[Data to process]

+ + + +

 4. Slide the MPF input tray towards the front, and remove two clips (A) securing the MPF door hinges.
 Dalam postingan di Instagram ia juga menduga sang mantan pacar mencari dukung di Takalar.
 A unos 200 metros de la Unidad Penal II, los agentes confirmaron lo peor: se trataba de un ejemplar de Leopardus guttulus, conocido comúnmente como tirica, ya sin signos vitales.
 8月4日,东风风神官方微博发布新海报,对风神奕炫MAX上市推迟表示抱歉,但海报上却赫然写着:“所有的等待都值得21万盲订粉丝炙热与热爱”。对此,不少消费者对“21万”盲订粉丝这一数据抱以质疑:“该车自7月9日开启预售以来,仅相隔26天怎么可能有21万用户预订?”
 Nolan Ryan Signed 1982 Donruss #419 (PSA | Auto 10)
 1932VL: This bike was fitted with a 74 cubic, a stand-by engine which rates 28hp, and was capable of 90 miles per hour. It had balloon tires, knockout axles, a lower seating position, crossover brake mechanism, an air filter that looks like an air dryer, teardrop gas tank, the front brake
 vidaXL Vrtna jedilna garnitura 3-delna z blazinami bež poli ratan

+ + + +

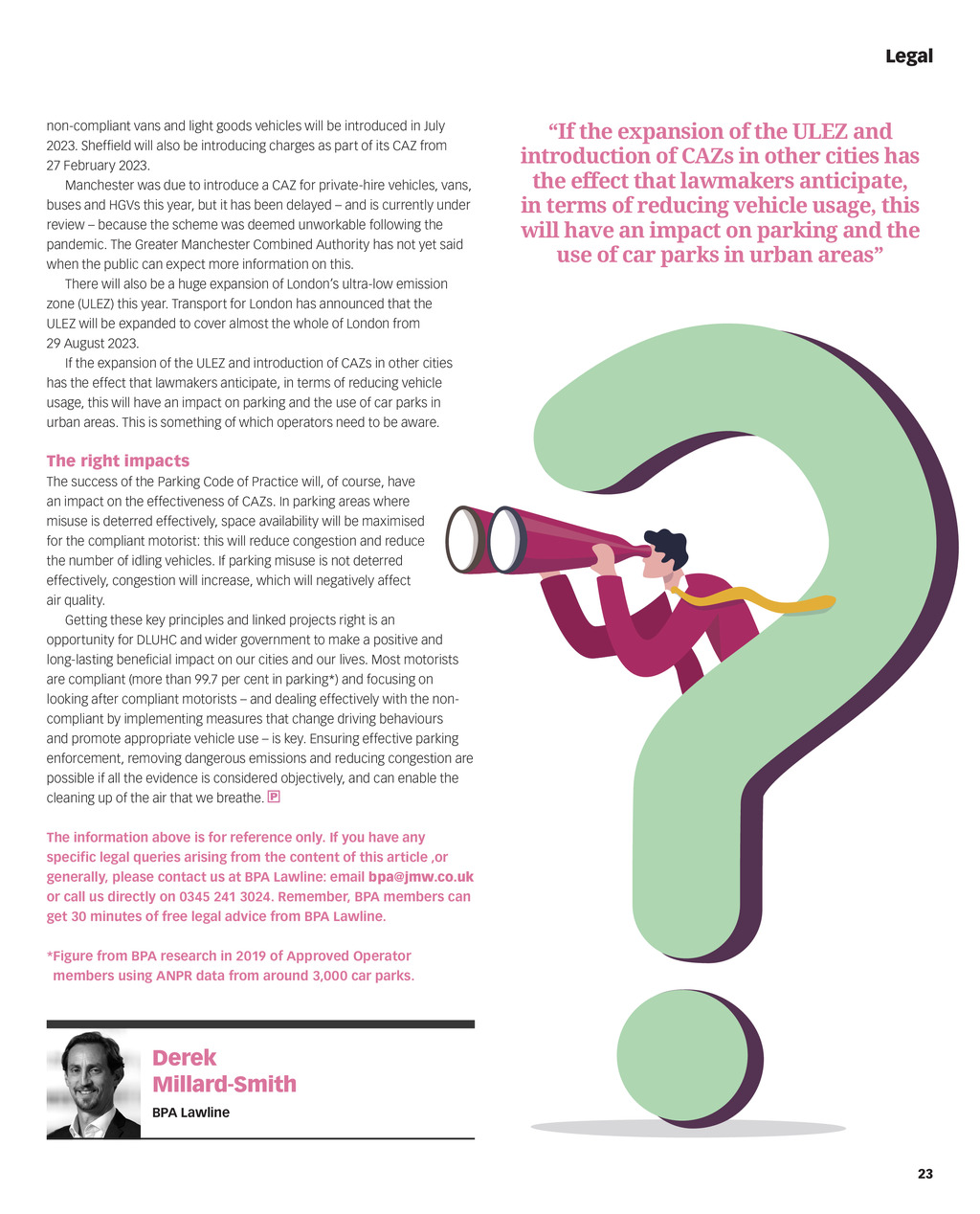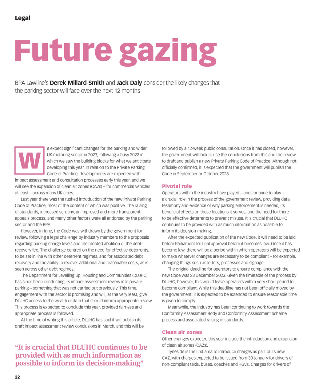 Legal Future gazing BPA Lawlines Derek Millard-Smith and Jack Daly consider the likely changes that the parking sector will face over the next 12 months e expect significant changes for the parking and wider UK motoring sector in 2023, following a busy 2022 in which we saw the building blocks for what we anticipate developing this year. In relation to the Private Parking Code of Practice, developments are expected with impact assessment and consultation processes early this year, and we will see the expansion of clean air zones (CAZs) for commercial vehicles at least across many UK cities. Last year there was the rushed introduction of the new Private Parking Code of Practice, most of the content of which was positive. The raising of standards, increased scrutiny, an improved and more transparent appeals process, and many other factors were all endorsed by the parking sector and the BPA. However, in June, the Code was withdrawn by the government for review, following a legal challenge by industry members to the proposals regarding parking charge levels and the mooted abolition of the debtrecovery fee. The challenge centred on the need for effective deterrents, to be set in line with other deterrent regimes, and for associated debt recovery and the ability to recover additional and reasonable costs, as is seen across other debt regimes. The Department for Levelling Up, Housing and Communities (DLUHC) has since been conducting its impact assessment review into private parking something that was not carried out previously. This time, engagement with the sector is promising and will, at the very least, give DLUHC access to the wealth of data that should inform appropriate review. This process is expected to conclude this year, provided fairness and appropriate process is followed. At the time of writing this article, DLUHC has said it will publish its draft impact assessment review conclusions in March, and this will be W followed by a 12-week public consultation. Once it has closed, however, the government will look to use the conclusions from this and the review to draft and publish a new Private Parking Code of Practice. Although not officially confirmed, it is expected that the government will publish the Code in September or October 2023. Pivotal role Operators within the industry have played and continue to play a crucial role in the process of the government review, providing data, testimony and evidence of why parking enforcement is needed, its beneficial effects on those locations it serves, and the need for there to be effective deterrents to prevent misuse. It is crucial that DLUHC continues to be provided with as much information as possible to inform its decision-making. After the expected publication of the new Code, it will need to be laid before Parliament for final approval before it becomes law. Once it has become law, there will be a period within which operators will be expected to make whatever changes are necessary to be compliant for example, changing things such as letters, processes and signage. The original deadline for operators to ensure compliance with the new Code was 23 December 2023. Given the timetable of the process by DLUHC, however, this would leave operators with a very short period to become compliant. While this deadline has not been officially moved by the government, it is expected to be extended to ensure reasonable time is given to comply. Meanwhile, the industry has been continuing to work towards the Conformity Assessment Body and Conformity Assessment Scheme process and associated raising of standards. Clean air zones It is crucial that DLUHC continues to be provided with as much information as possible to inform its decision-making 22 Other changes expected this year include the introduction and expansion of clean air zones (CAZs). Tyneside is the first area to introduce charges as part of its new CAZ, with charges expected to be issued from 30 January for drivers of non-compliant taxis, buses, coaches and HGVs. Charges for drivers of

+ + + +

[How to complete this task]
Transcribe the records above from the line holding "4. Slide the" down to the line holding "8月4日,东风风神官方微博发", inclusive, without adding anything.

[Response to the exercise]
 4. Slide the MPF input tray towards the front, and remove two clips (A) securing the MPF door hinges.
 Dalam postingan di Instagram ia juga menduga sang mantan pacar mencari dukung di Takalar.
 A unos 200 metros de la Unidad Penal II, los agentes confirmaron lo peor: se trataba de un ejemplar de Leopardus guttulus, conocido comúnmente como tirica, ya sin signos vitales.
 8月4日,东风风神官方微博发布新海报,对风神奕炫MAX上市推迟表示抱歉,但海报上却赫然写着:“所有的等待都值得21万盲订粉丝炙热与热爱”。对此,不少消费者对“21万”盲订粉丝这一数据抱以质疑:“该车自7月9日开启预售以来,仅相隔26天怎么可能有21万用户预订?”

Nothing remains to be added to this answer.